Question

A neutron in a nuclear reactor makes an elastic, head-on collision with the nucleus of a carbon atom initially at rest.

(a) What fraction of the neutron's kinetic energy is transferred to the carbon nucleus? (The mass of the carbon nucleus is about 12.0 times the mass of the neutron.)

__________

b) The initial kinetic energy of the neutron is 2.70 10-13 J. Find its final kinetic energy and the kinetic energy of the carbon nucleus after the collision.

neutron __________J

carbon nucleus __________J

Answer 1

For an elastic collision both momentum and energy are conserved.

First define appropriate variables:
m = mass of neutron
M = mass of carbon nucleus = 12*m
v = initial velocity of the neutron
u = final velocity of neutron
w = final velocity of carbon nucleus

Now let us look at what we are trying to find. And that is the ratio of the final KE of the carbon nucleus to the initial kinetic energy of the neutron.
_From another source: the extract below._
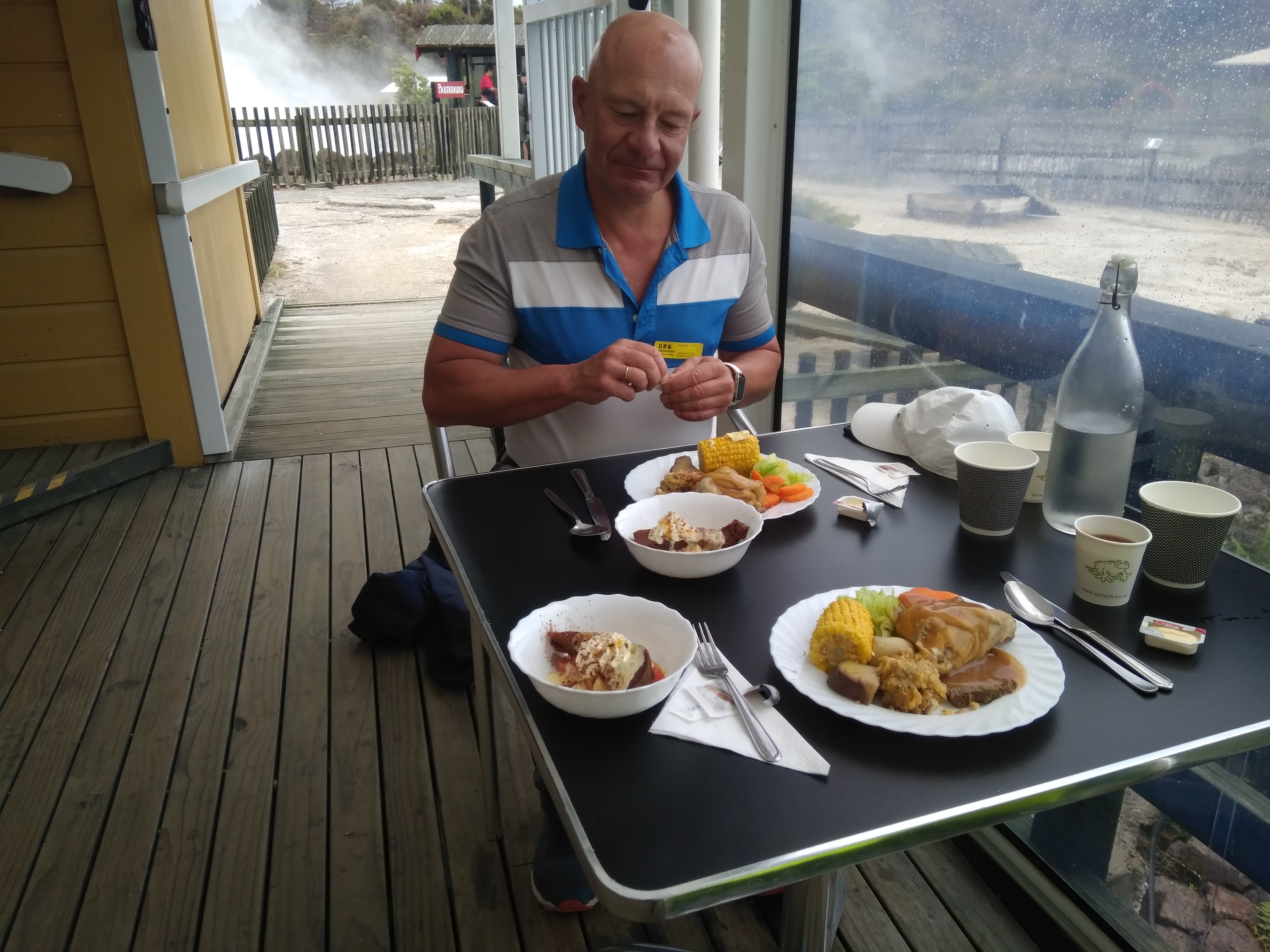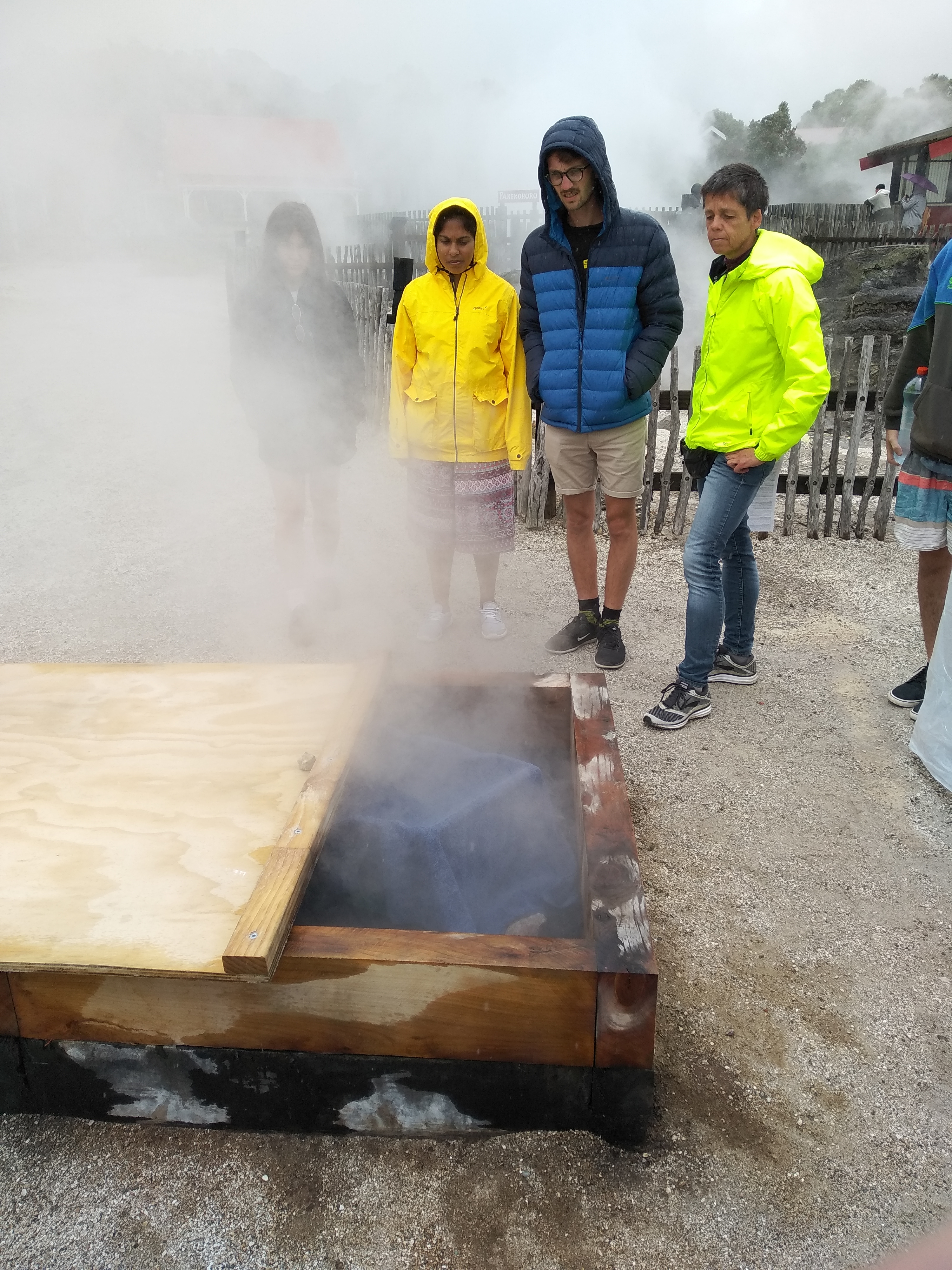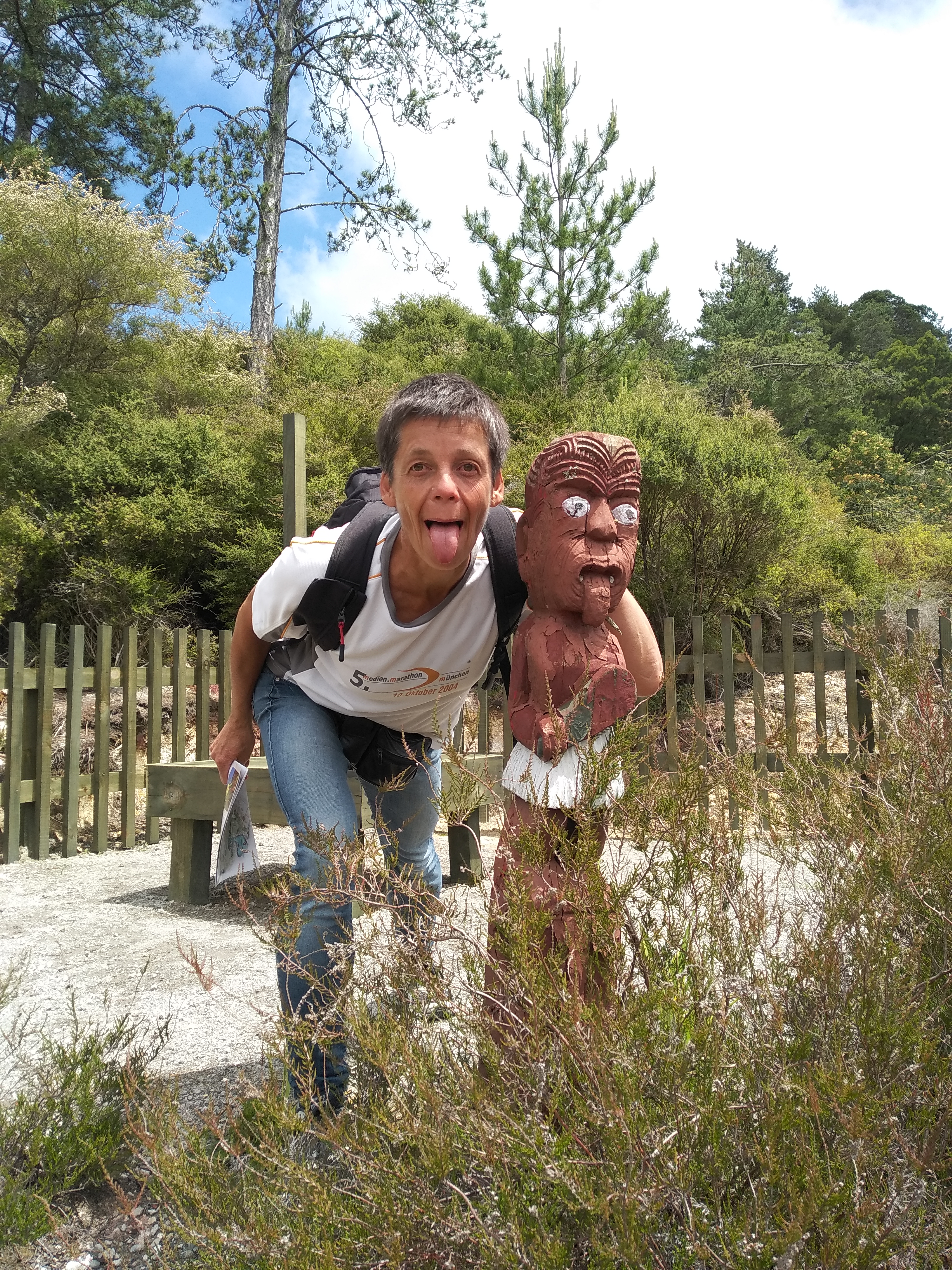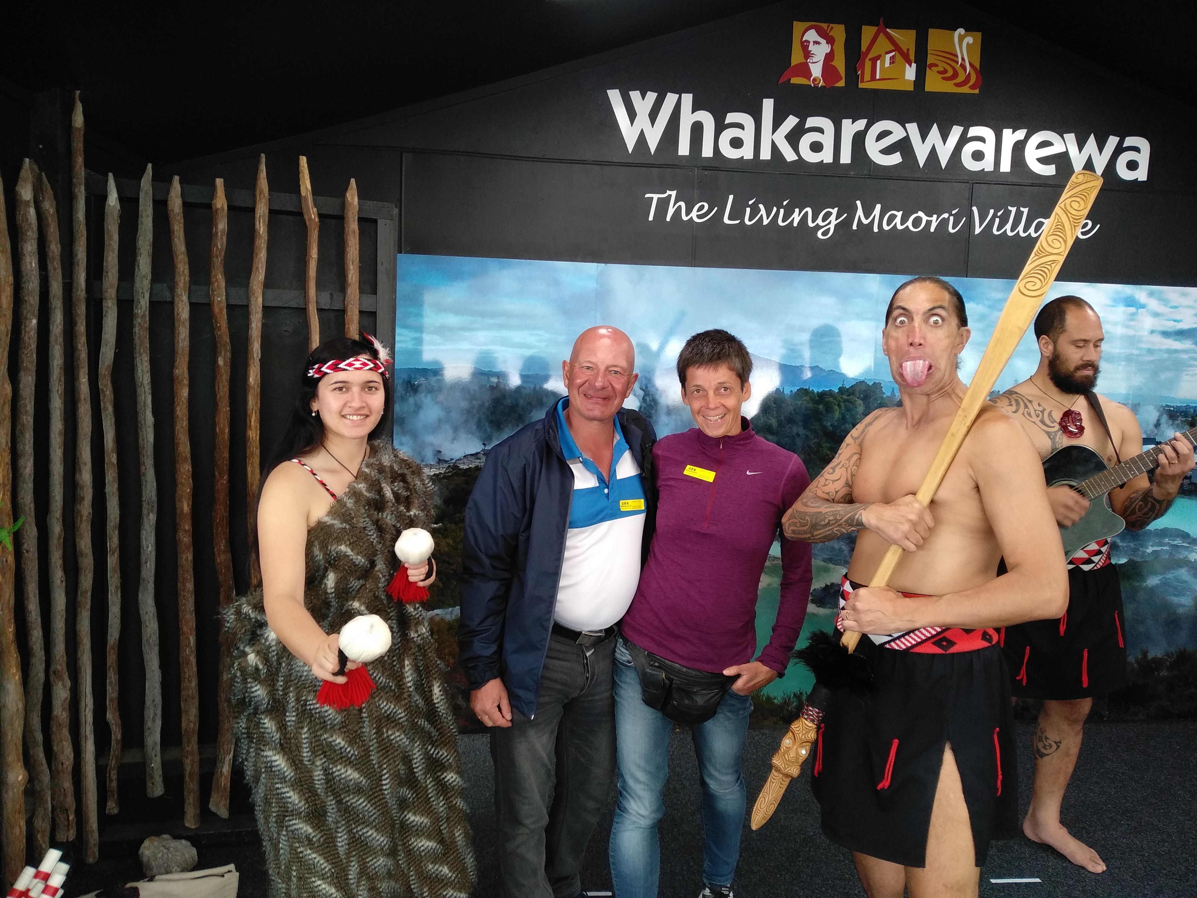 Wir sind in die Maori-Geschichte und Kultur eingetaucht und wurden von einer Maori durch ein bewohntes Dorf geführt, vorbei an brodelnden, heißen Blubberquellen, wo sie ihr Essen in „Kochkisten“ garen, in Schwefelquelle baden mit atemberaubenden Blicken auf spuckende Geysire. Sogar eine Kostprobe ihrer traditionellen Gesänge und Tänze haben wir erlebt, selten haben wir so große Augen und so lange Zungen gesehen! Das alles – incl. des hervorragenden Essens -war tief beeindruckend. Die Leute waren superfreundlich und ihre Maxime „we have no strangers in our village“ haben sie wunderbar vermittelt, da können wir uns eine Scheibe abschneiden!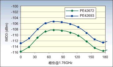 圖1:IP3與元件的第三階交調(diào)失真(IMD3)性能有關(guān)。該圖顯示了UltraCMOSSP7T(PE42672)和SP9T(PE42693)的這些相位上指標。

KE0 = initial kinetic energy of the neutron
KE2 = final kinetic energy of the carbon nucleus

Fraction = KE2/KE0
Since kinetic energy is (1/2)m*v^2 we can rewrite this as.
Fraction = ([1/2)12m*w^2]/[(1.2)m*v^2] = 12*(w/v)^2

So we need the ratio of the velocities and we can find that using conservation of energy and conservation of momentum.

Conservation of energy.
(1/2)m*v^2 = (1/2)m*u^2 + (1/2)12m*w^2
v^2 = u^2 + 12*w^2

Conservation of momentum.
m*v = m*u + 12m*w

We want to solve for w as a function of v so get a raleation for u from the momentum equation and put this into the energy equation and solve.
u = v - 12*w
v^2 = (v - 12*w)^2 + 12*w^2
v^2 = v^2 - 24*v*w + 144*w^2 + 12*w^2

24*v*w = 156*w^2
w = (24/156)*v = (2/13)*v
(w/v) = 2/13

So the fraction of the kinetic energy is 12*(2/13)^2 = 0.284